#### TASK PROMPT:
Look through the records below for the line with "Elephant wallpaper inside". Return that line and each one after it up to and including the line with "Bursa’nın Mudanya ilçesinden", exactly.

#### SUPPLIED MATERIAL:
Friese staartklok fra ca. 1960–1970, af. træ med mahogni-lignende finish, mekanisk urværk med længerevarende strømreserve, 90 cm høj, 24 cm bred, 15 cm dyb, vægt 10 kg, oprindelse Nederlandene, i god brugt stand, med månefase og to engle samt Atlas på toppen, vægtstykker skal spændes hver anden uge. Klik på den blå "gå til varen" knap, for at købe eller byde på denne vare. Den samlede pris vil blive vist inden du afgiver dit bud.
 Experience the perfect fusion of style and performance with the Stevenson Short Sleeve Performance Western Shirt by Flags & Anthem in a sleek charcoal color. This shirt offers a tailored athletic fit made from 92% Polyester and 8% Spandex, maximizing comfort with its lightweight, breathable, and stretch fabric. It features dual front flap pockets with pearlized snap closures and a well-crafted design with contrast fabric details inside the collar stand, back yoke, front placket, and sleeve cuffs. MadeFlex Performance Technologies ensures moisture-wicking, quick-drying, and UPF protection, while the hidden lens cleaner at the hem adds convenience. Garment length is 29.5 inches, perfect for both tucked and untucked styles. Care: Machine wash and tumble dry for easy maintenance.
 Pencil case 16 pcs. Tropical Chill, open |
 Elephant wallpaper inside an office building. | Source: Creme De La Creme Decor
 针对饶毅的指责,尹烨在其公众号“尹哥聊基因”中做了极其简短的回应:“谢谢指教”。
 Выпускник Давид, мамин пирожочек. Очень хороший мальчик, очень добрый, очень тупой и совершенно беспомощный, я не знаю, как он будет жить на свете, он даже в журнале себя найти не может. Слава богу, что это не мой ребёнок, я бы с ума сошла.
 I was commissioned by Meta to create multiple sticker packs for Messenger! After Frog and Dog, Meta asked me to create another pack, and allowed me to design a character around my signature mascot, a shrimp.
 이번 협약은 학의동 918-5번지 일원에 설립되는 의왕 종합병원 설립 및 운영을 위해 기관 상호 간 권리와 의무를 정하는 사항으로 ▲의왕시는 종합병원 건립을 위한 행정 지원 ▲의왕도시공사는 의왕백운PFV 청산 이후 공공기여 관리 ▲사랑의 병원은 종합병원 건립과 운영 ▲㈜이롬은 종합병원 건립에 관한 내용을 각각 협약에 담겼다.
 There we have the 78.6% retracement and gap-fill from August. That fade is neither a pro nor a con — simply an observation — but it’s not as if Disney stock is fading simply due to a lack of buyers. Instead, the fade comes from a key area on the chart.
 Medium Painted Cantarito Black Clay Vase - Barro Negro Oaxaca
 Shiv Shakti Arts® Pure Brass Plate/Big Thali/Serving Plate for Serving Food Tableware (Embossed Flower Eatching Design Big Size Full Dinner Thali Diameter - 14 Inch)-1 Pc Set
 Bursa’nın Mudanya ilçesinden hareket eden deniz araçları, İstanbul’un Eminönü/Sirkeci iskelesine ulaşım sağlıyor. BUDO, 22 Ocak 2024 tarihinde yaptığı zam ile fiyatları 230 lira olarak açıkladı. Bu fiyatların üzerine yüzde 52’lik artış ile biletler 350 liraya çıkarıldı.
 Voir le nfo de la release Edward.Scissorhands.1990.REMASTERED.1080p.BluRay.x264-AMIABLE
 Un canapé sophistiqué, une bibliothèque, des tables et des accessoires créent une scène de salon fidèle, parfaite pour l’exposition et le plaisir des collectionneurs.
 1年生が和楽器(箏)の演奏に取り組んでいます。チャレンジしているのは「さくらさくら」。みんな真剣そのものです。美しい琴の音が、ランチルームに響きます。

#### COMPLETED EXERCISE:
 Elephant wallpaper inside an office building. | Source: Creme De La Creme Decor
 针对饶毅的指责,尹烨在其公众号“尹哥聊基因”中做了极其简短的回应:“谢谢指教”。
 Выпускник Давид, мамин пирожочек. Очень хороший мальчик, очень добрый, очень тупой и совершенно беспомощный, я не знаю, как он будет жить на свете, он даже в журнале себя найти не может. Слава богу, что это не мой ребёнок, я бы с ума сошла.
 I was commissioned by Meta to create multiple sticker packs for Messenger! After Frog and Dog, Meta asked me to create another pack, and allowed me to design a character around my signature mascot, a shrimp.
 이번 협약은 학의동 918-5번지 일원에 설립되는 의왕 종합병원 설립 및 운영을 위해 기관 상호 간 권리와 의무를 정하는 사항으로 ▲의왕시는 종합병원 건립을 위한 행정 지원 ▲의왕도시공사는 의왕백운PFV 청산 이후 공공기여 관리 ▲사랑의 병원은 종합병원 건립과 운영 ▲㈜이롬은 종합병원 건립에 관한 내용을 각각 협약에 담겼다.
 There we have the 78.6% retracement and gap-fill from August. That fade is neither a pro nor a con — simply an observation — but it’s not as if Disney stock is fading simply due to a lack of buyers. Instead, the fade comes from a key area on the chart.
 Medium Painted Cantarito Black Clay Vase - Barro Negro Oaxaca
 Shiv Shakti Arts® Pure Brass Plate/Big Thali/Serving Plate for Serving Food Tableware (Embossed Flower Eatching Design Big Size Full Dinner Thali Diameter - 14 Inch)-1 Pc Set
 Bursa’nın Mudanya ilçesinden hareket eden deniz araçları, İstanbul’un Eminönü/Sirkeci iskelesine ulaşım sağlıyor. BUDO, 22 Ocak 2024 tarihinde yaptığı zam ile fiyatları 230 lira olarak açıkladı. Bu fiyatların üzerine yüzde 52’lik artış ile biletler 350 liraya çıkarıldı.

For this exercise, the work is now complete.